His next project was writing a play, Red Gloves, based on a play by Jean Paul Sartre, which Taradash brought to Broadway in 1948. His only other Broadway venture was a relatively unsuccessful play, There Was a Little Girl, a stage adaptation of Christopher Davis’s novel. Taradash freely admitted that his greatest talent lay in adapting other people’s work for the stage or screen.
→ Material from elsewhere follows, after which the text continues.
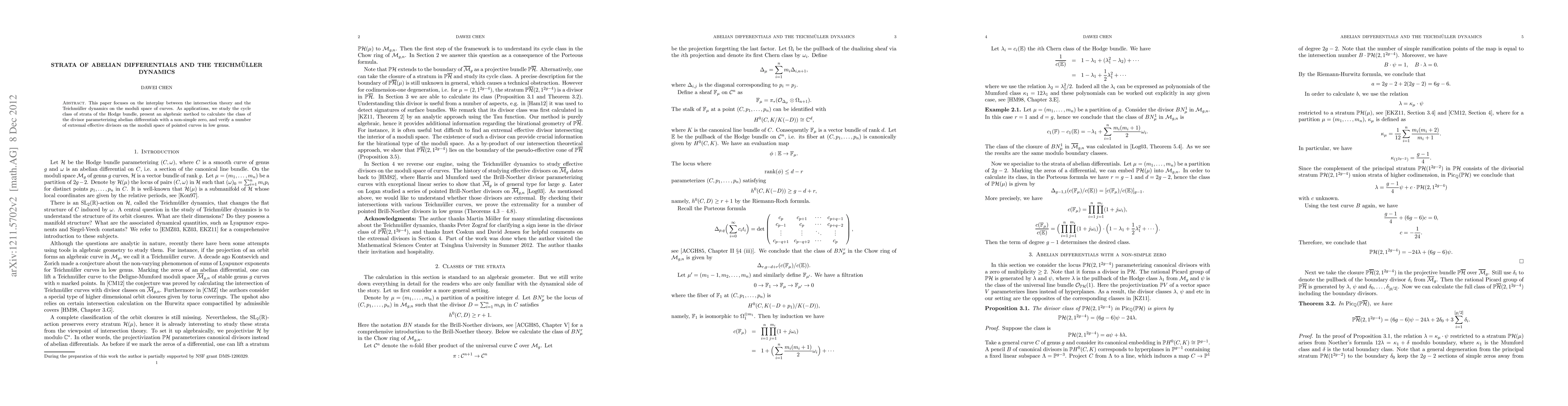 This research contributes to understanding the geometry of moduli spaces by providing explicit calculations and insights into the intersection theory and Teichmüller dynamics, which are crucial for studying abelian differentials and their strata.

In the early 1950’s, Taradash returned to Hollywood and wrote a screenplay based on Jones’s novel, From Here to Eternity. The novel was dauntingly long, so Taradash was faced not only with the task of condensing it into a film of slightly more than two hours without doing irreparable damage to the best-selling novel but also of converting it from prose to dramatic dialogue. The film was a rousing success. Taradash did not have an agent to negotiate his contract but, using his legal skills, he negotiated it himself. He became the first writer who was not the author of an original script to receive a percentage of the film’s profits. This stipulation became a treasure trove for Taradash, who went on to write the screenplays for such successful productions as Hawaii, Picnic, and Bell, Book, and Candle. He also directed several films, including Storm Center, for which he also wrote the screenplay.
Taradash, a leader in many film industry organizations, served as president of both the Academy of Motion Picture Arts and Sciences and the Writers Guild of American—West. He died of cancer in 2003.